> Required work: Quote word for word from the line holding "Map of the Metropolitan" to the last line below, including both, and omit any pictures.
[Opening Information supplied section]
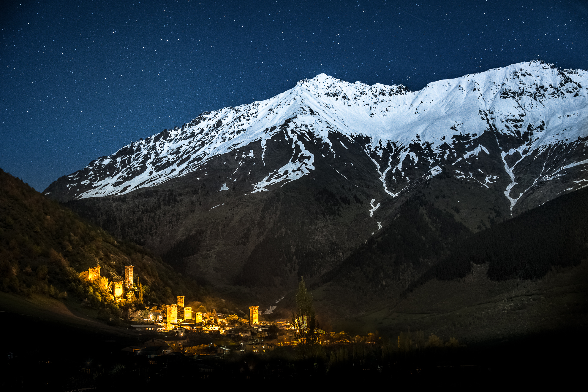 Highland townlet Mestia (1,500 m) at night in Svaneti region of Georgia
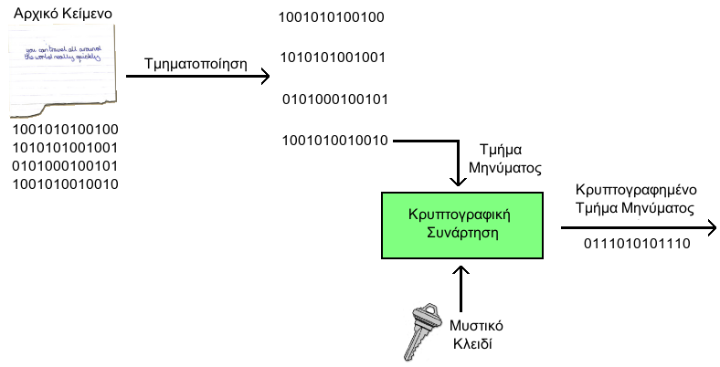 Block ciphers diagram
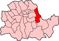 Map of the Metropolitan borough of Poplar, former County of London.
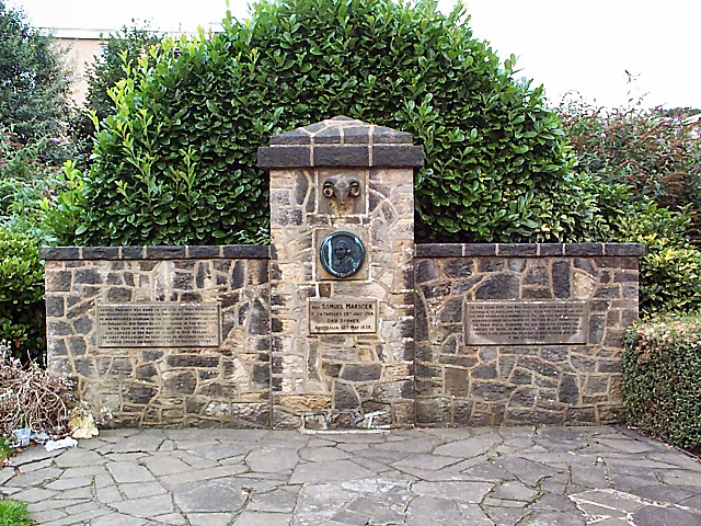 Memorial to Samuel Marsden (detail) In Town Street, Farsley. See accompanying photo for the text of the inscriptions.
[Closing Information supplied section]
> Your response:
 Map of the Metropolitan borough of Poplar, former County of London.
 Memorial to Samuel Marsden (detail) In Town Street, Farsley. See accompanying photo for the text of the inscriptions.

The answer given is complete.